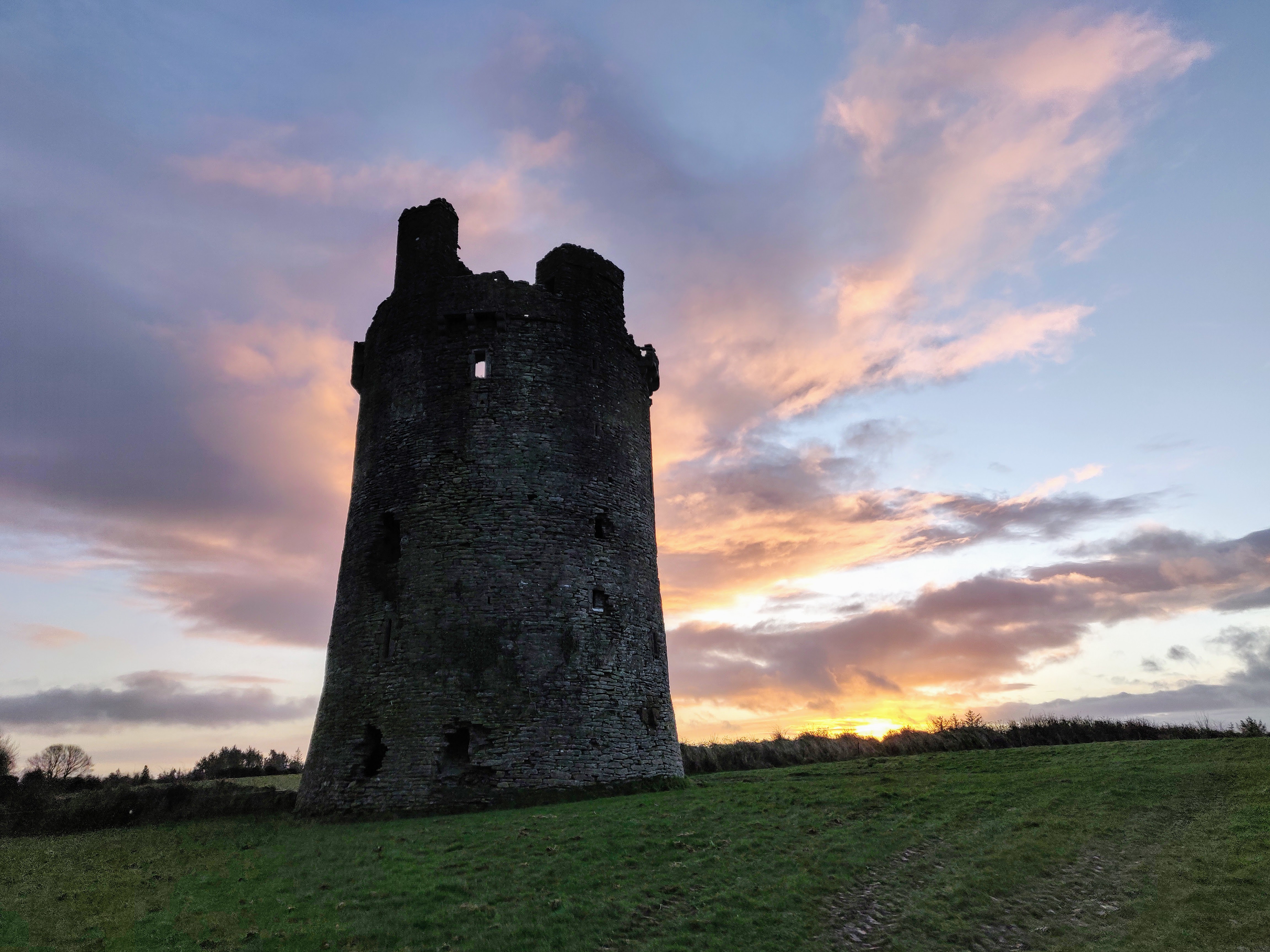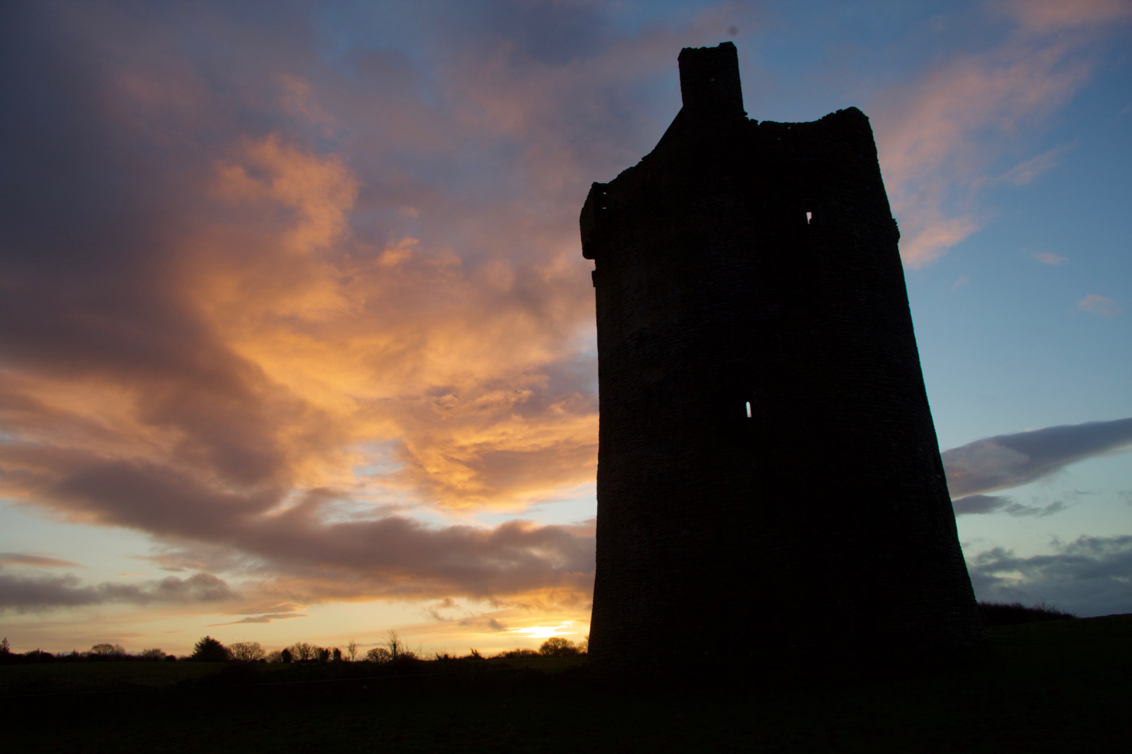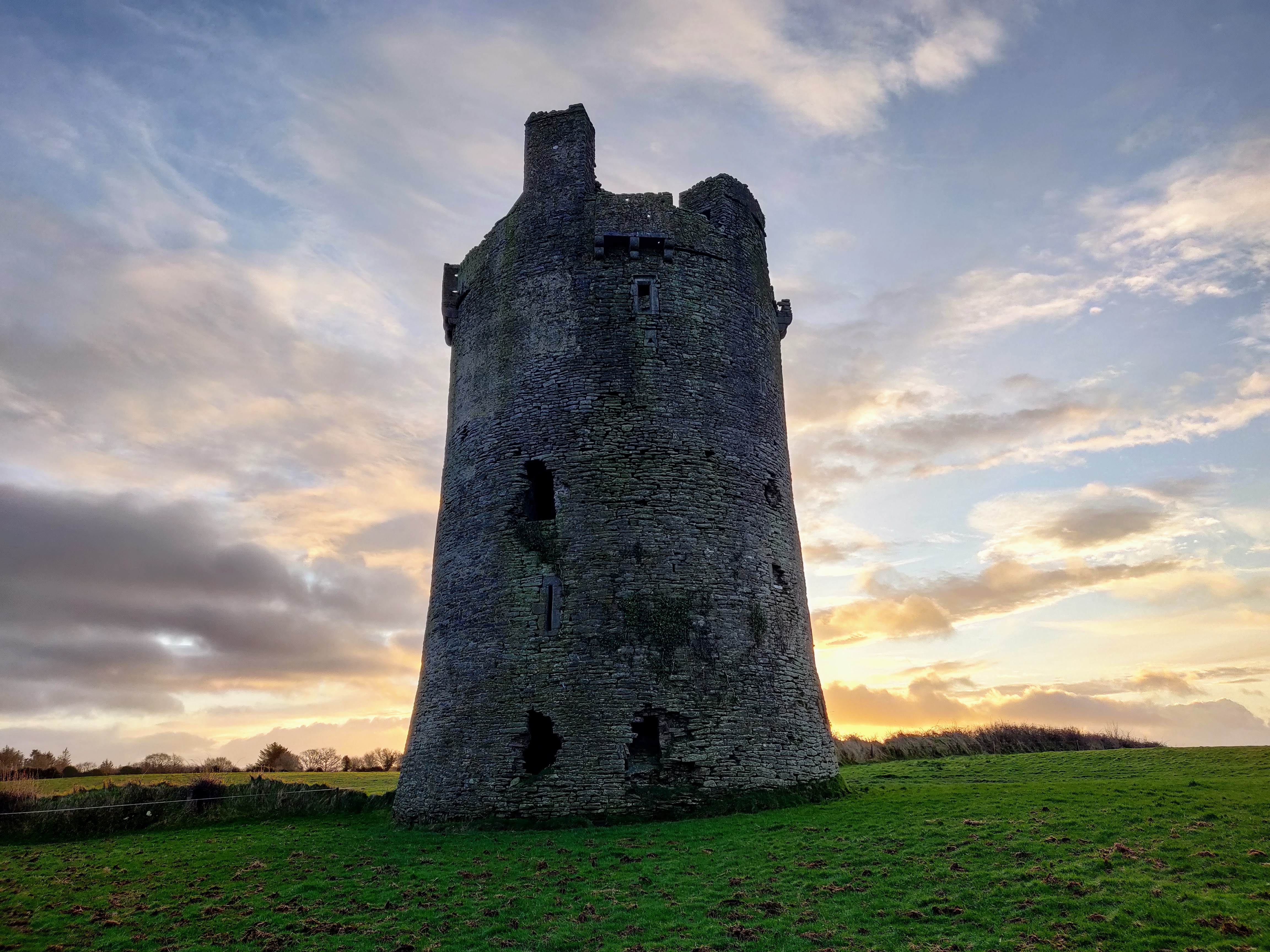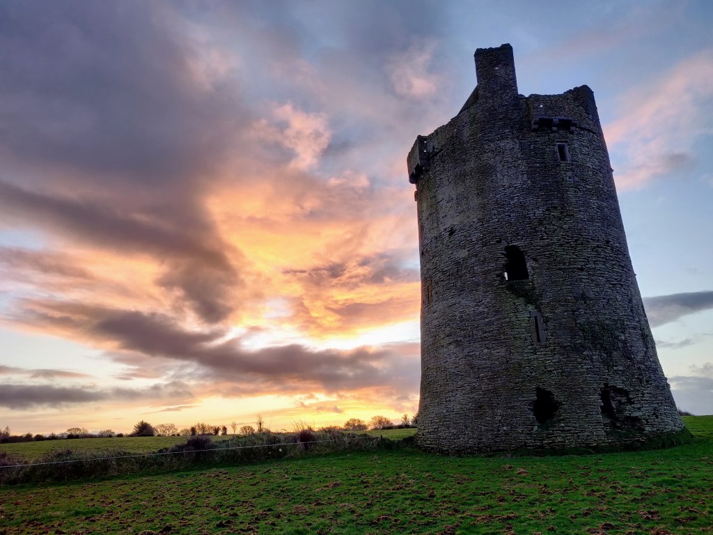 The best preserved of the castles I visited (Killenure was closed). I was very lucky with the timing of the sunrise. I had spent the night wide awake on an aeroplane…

--

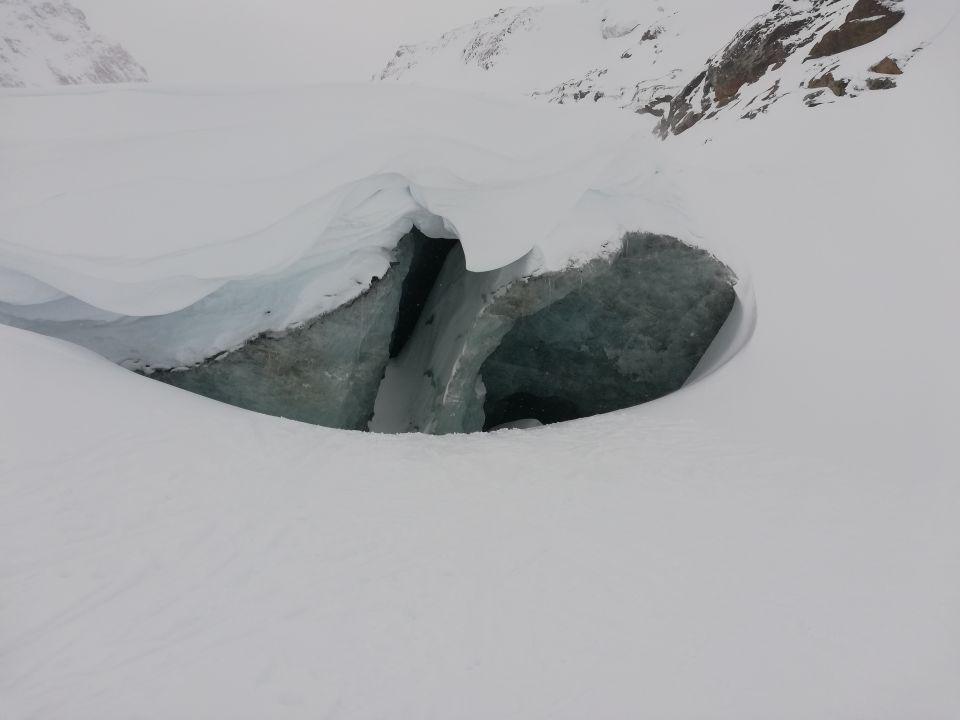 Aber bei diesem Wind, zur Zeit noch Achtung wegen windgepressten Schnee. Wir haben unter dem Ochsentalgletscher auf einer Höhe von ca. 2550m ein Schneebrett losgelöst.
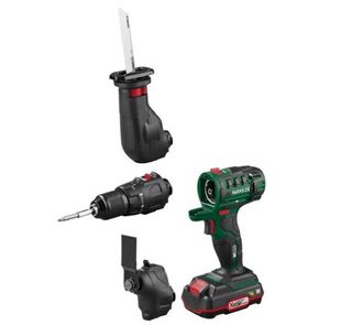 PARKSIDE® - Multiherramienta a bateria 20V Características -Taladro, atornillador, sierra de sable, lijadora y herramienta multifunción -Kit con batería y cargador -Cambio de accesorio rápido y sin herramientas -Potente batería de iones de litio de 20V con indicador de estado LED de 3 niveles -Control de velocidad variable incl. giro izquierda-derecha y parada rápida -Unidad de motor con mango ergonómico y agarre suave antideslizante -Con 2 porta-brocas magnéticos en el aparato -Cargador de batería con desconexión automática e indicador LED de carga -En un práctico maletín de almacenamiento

#### Problem statement
Find where the line with "Aber bei diesem" sits in the material above and where the line with "PARKSIDE® - Multiherramienta" sits. Set down exactly the lines from the first to the second, both included and nothing else, without pictures.

#### Exercise answer
 Aber bei diesem Wind, zur Zeit noch Achtung wegen windgepressten Schnee. Wir haben unter dem Ochsentalgletscher auf einer Höhe von ca. 2550m ein Schneebrett losgelöst.
 PARKSIDE® - Multiherramienta a bateria 20V Características -Taladro, atornillador, sierra de sable, lijadora y herramienta multifunción -Kit con batería y cargador -Cambio de accesorio rápido y sin herramientas -Potente batería de iones de litio de 20V con indicador de estado LED de 3 niveles -Control de velocidad variable incl. giro izquierda-derecha y parada rápida -Unidad de motor con mango ergonómico y agarre suave antideslizante -Con 2 porta-brocas magnéticos en el aparato -Cargador de batería con desconexión automática e indicador LED de carga -En un práctico maletín de almacenamiento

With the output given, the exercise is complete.